Warren Rupp Observatory
- Organization: Richland Astronomical Society
- Location: Mansfield, Richland County, Ohio
- Coordinates: 40°38′16″N 82°26′11″W﻿ / ﻿40.6378°N 82.4364°W
- Website: www.wro.org

Telescopes
- Big Blue: 36-inch (910 mm) Newtonian
- Location of Warren Rupp Observatory

= Warren Rupp Observatory =

Warren Rupp Observatory is an astronomical observatory owned and operated by Richland Astronomical Society. Built in 1985, it is located on the Friendly House Hidden Hollow Camp south of Mansfield, Ohio, United States.

The telescope is one of the world's largest amateur operated telescopes. It has public observing nights on the first Saturday of every month, weather permitting.

Warren Rupp Observatory holds public education and astronomy outreach programs regardless of weather conditions on all regularly scheduled public nights. Viewing through the 36 in is only weather dependent and indoor facilities are available for programs.
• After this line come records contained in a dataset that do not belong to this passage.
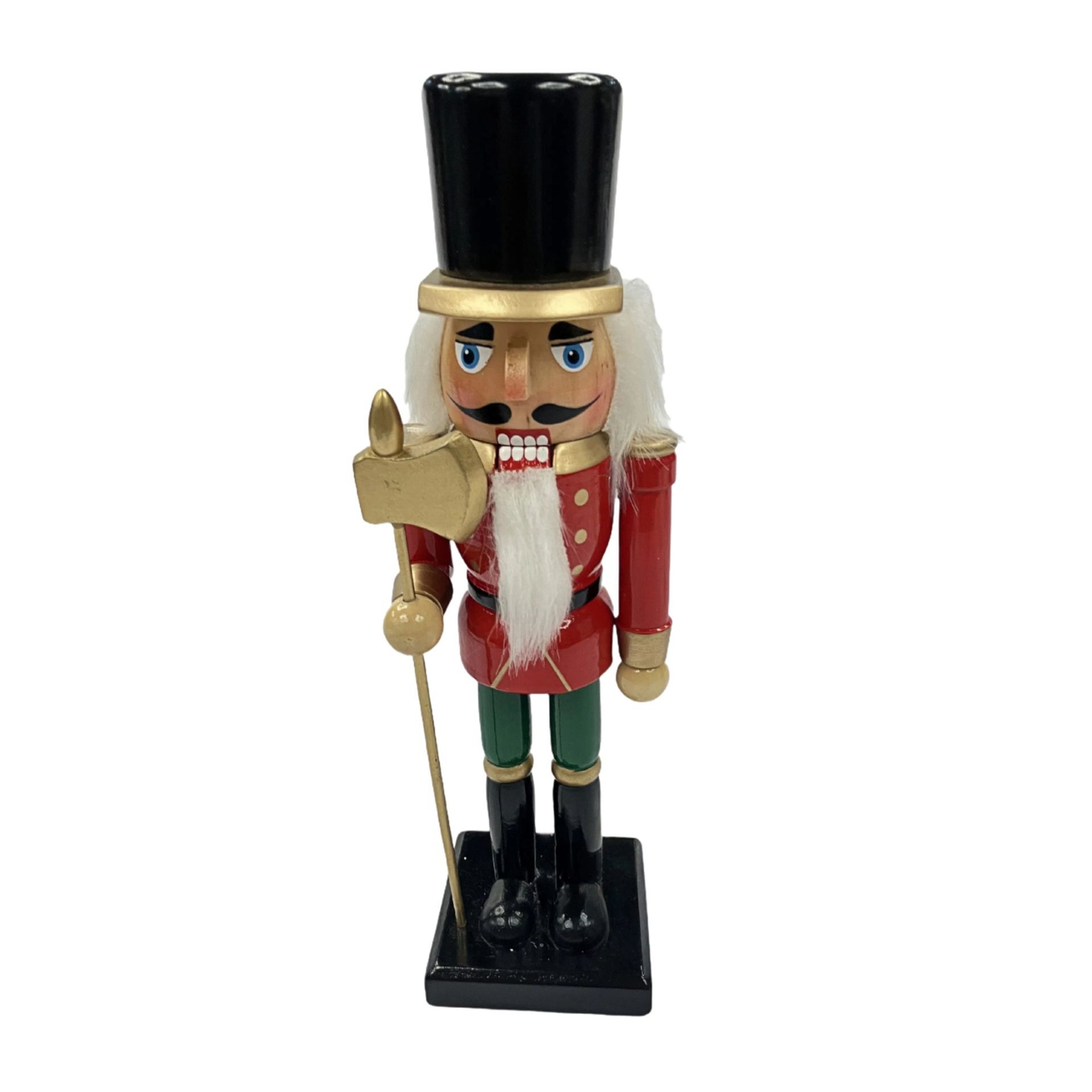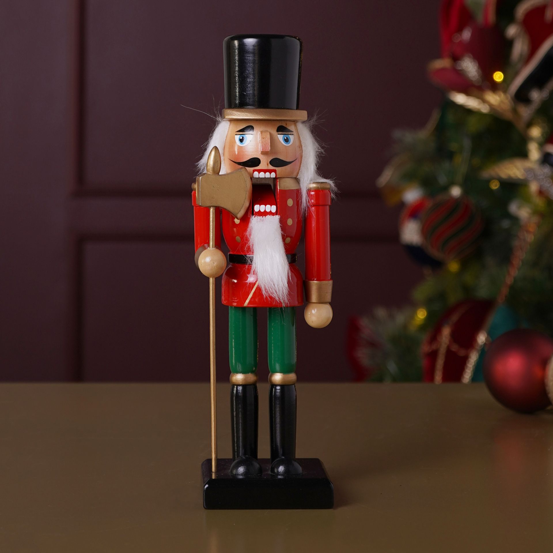 The Regal Tidings Red & Green Nutcracker brings timeless Christmas charm to festive interiors, making it a perfect addition to seasonal decor. This wooden nutcracker figure features a striking red and green uniform, a regal scepter, and stands proudly on a sturdy black base. Gold accents and painted details enhance its traditional design, exuding elegance. Pair it with other refined pieces from the Regal Tidings collection for a cohesive festive display.
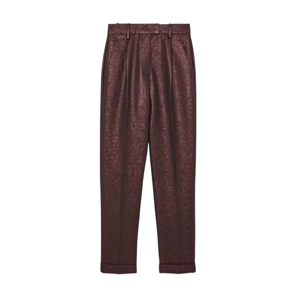 The sparkle taper trouser features a subtle shimmer that catches the light beautifully, adding a hint of luxury to your outfit. The tapered leg design ensures a sleek and contemporary profile, while the mid-rise waistband provides comfort and style in equal measure. These trousers are an ideal choice for pairing with both tailored blouses and chic knitwear, making them a versatile addition to your wardrobe.
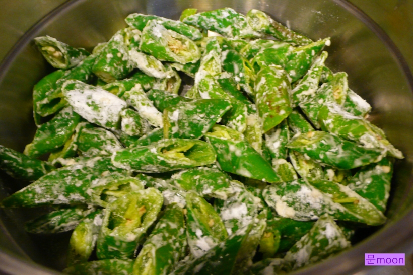 물기 뺀 고추를 스텐볼에 담고 소금1/2작은술, 튀김가루2큰술을 넣어 고루 묻혀줍니다.
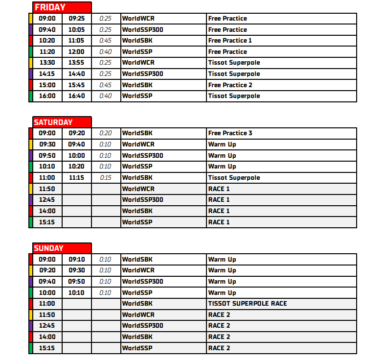 Di conseguenza, sono cambiati leggermente anche gli orari delle sessioni del weekend, che seguiranno la tabella sottostante, ma potranno avere variazioni ad ogni Round.
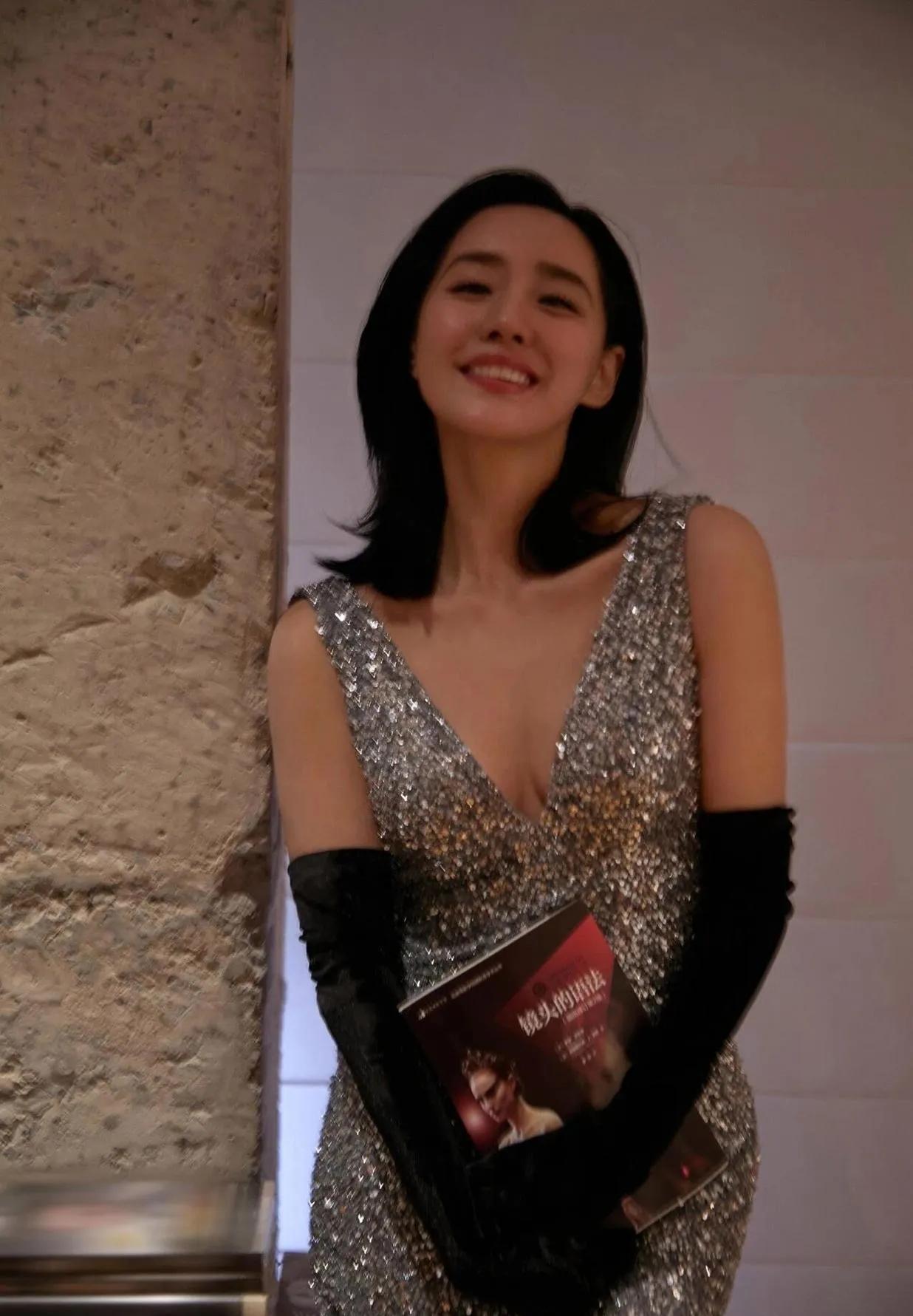王智的银色亮片裙,把优雅和性感穿在了身上! 一袭银色亮片深V长裙,在灯光下闪闪发光,勾勒出她完美的身材曲线。 再配上一双黑色长手套,复古又高级,美得让人挪不开眼。
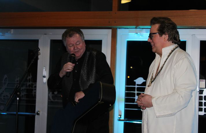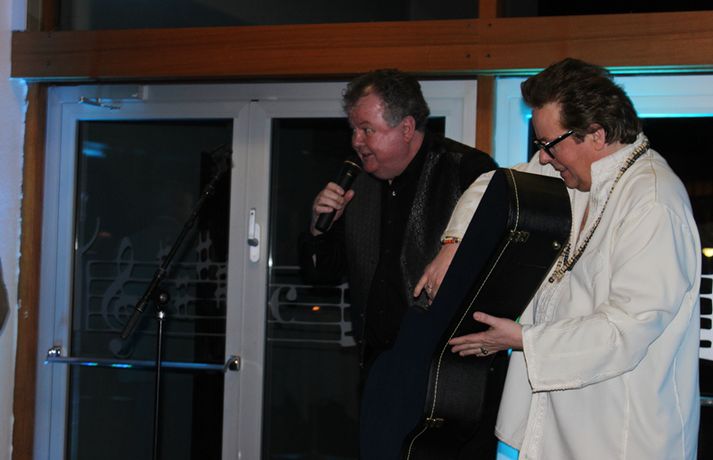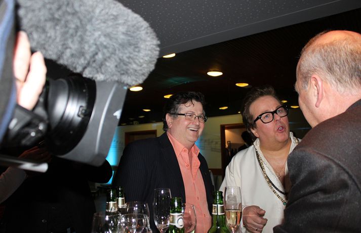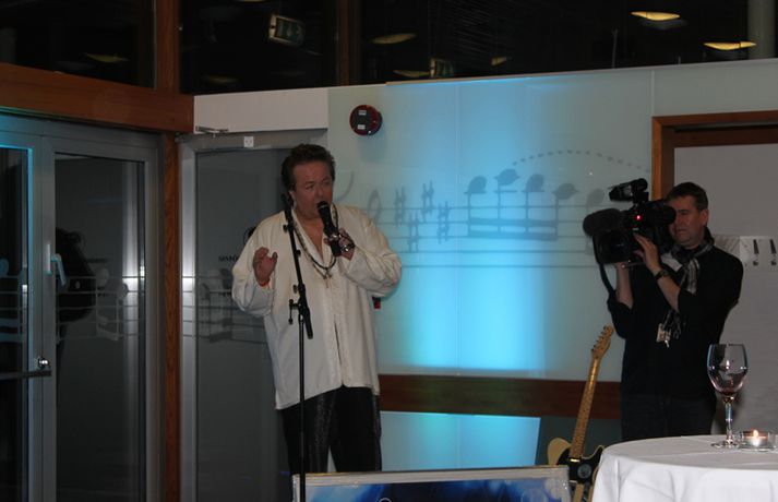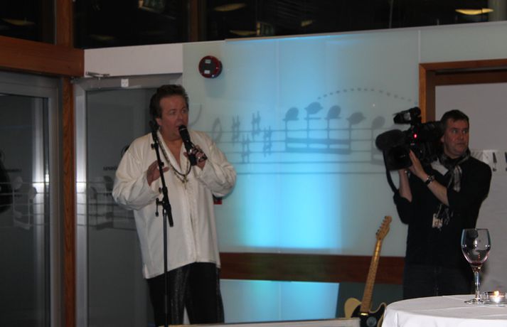 Meðfylgjandi myndir voru teknar í Háskólabíó í sextíu ára afmælisveislu Björgvins Halldórssonar eftir síðari tónleika hans í kvöld sem voru vægast sagt frábærir að sögn tónleikagesta. Eins og sjá má á myndunum mætti fjölmenni í veisluna og Björgvin, sem var í sannkölluðu hátíðarskapi, fékk meðal annars gítar að gjöf frá félögunum.

The Observatory is also the showpiece of the Hidden Hollow star party.

==History==

The mirror blank for the 31 in telescope was donated to the Lake Erie Astronomical Project by General Electric in 1968. The blank was originally intended for use McMath Solar Observatory on Kitt Peak, Arizona, which rejected the blank in favor of a larger mirror. Approximately 2,000 subsequent hours were spent grinding the mirror. The telescope saw first light in 1974.

The telescope was donated to the Richland Astronomical Society in 1982 provided there would be a building to house it. The project was primarily financed by member Warren Rupp, after whom the observatory is named, and construction was completed in 1985. The completed telescope weighed over 7,500 pounds, and was an f/6.8 Newtonian.

The original mirror was damaged in 2011 when the telescope's secondary mirror fell into the 31 in primary and cracked it in half. The primary was promptly replaced with the current 36 in f/6.3 mirror, the dimensions of which were selected to fit the existing dome and mount.